TO DO.
What you write must be the lines from the one holding "合作签订仪式结束后,实耐宝工" through the final line of the records below, reproduced exactly, minus the pictures.

+--

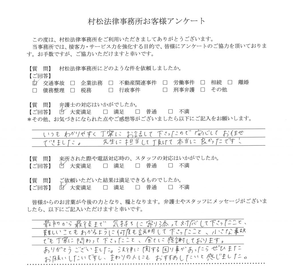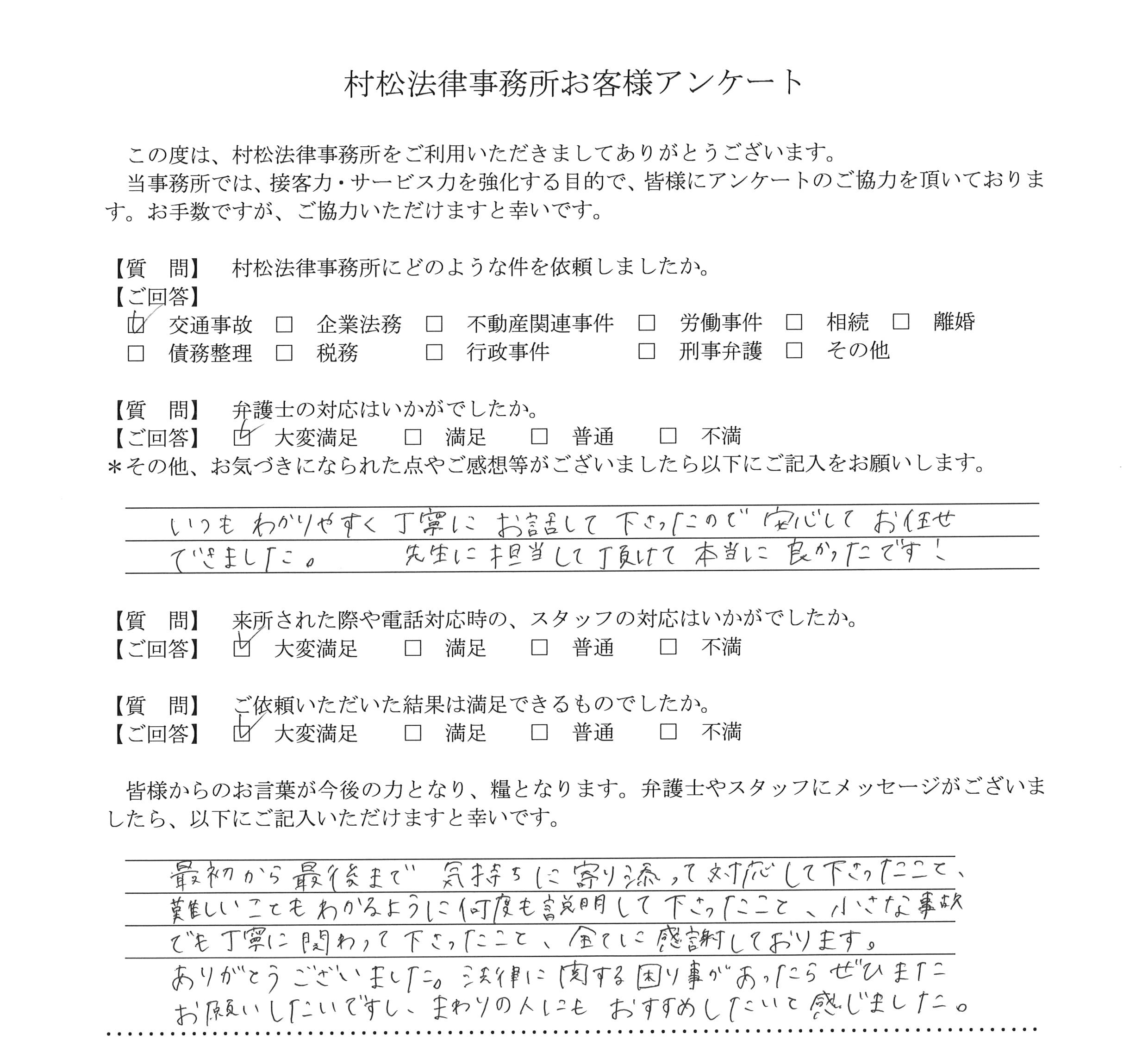 TOP お客様の声 お客様の声(156) 30代女性 | 北海道札幌市の弁護士による交通事故相談 お客様の声(156) 30代女性 2025年12月19日 最初から最後まで気持ちに寄り添って対応して下さったこと、 難しいこともわかるように何度も説明して下さったこと、 小さな事故でも丁寧に関わってくださったこと、全てにおいて感謝しております。 PREV お客様の声(155) 50代女性 NEXT
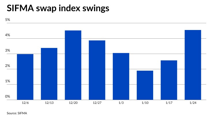 Barclays noted that volatility in short-term muni floating rates has increased. The SIFMA index jumped from 2.57% to 4.55% — “one of the largest weekly increases of all time,” they said.
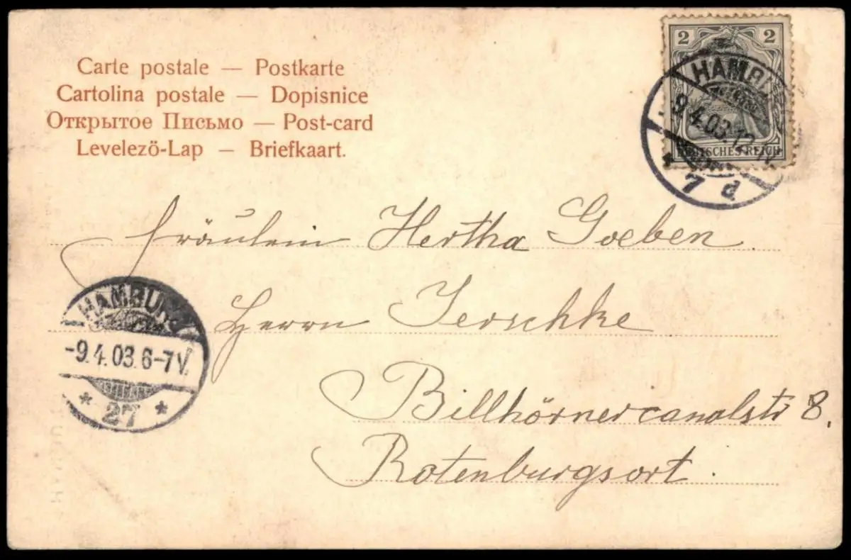 Gelaufen: 09.04.1903 mit Stempel Hamburg nach Hamburg Rotenburgsort
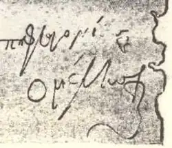 - ↑ D H. III. 322: ...in tumulo, in quo praedicti Ismahel ducis Apuliae qui et Melo vocabatur, ossa clauduntur „im Grab, in dem die Gebeine des vorgenannten Ismahel, des Herzogs von Apulien, der auch Meles genannt wird, eingeschlossen sind“
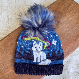 This beanie is part of the Nordic Nights Collection — Inspired by the magic of the north — snow-covered hills, cozy cabins, and long winter nights — this duplicate stitch, worsted weight beanie collection brings a touch of Nordic charm to your needles.
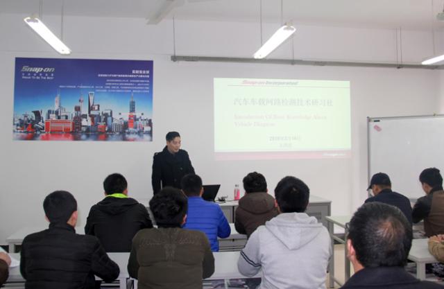 合作签订仪式结束后,实耐宝工具仪器(昆山)有限公司产品开发经理王洪波,为实耐宝-南京交院培训中心先期成立的汽车车载网路检测技术研习社全体学员讲授了第一课。
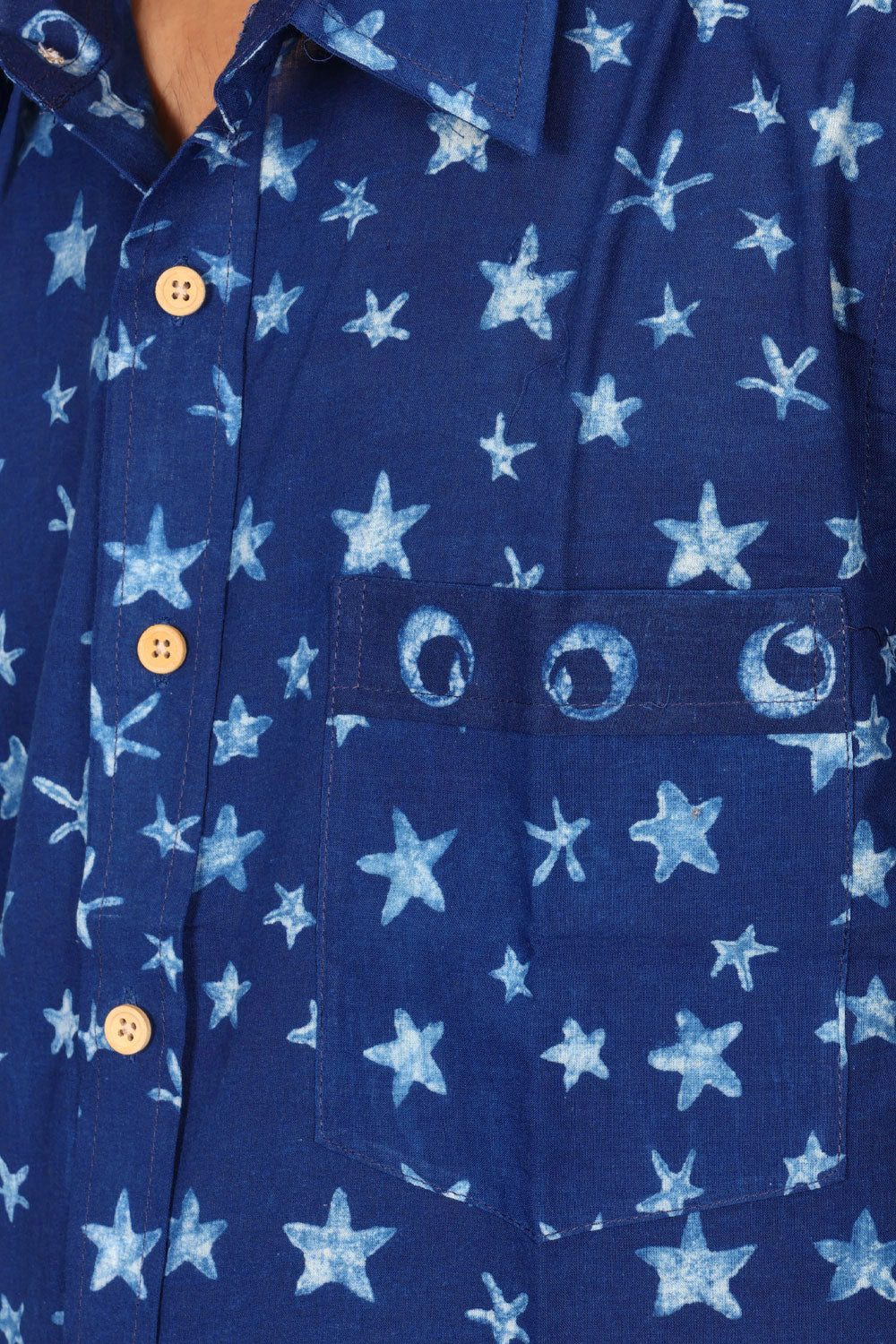 This Indigo Handblock Print shirt, made from pre-washed pure cotton, features wooden buttons and convenient pockets. Its versatile design pairs perfectly with jeans, khaki pants, or shorts, making it an essential addition to yo...

+--

SOLUTION FOR THIS PROBLEM.
 合作签订仪式结束后,实耐宝工具仪器(昆山)有限公司产品开发经理王洪波,为实耐宝-南京交院培训中心先期成立的汽车车载网路检测技术研习社全体学员讲授了第一课。
 This Indigo Handblock Print shirt, made from pre-washed pure cotton, features wooden buttons and convenient pockets. Its versatile design pairs perfectly with jeans, khaki pants, or shorts, making it an essential addition to yo...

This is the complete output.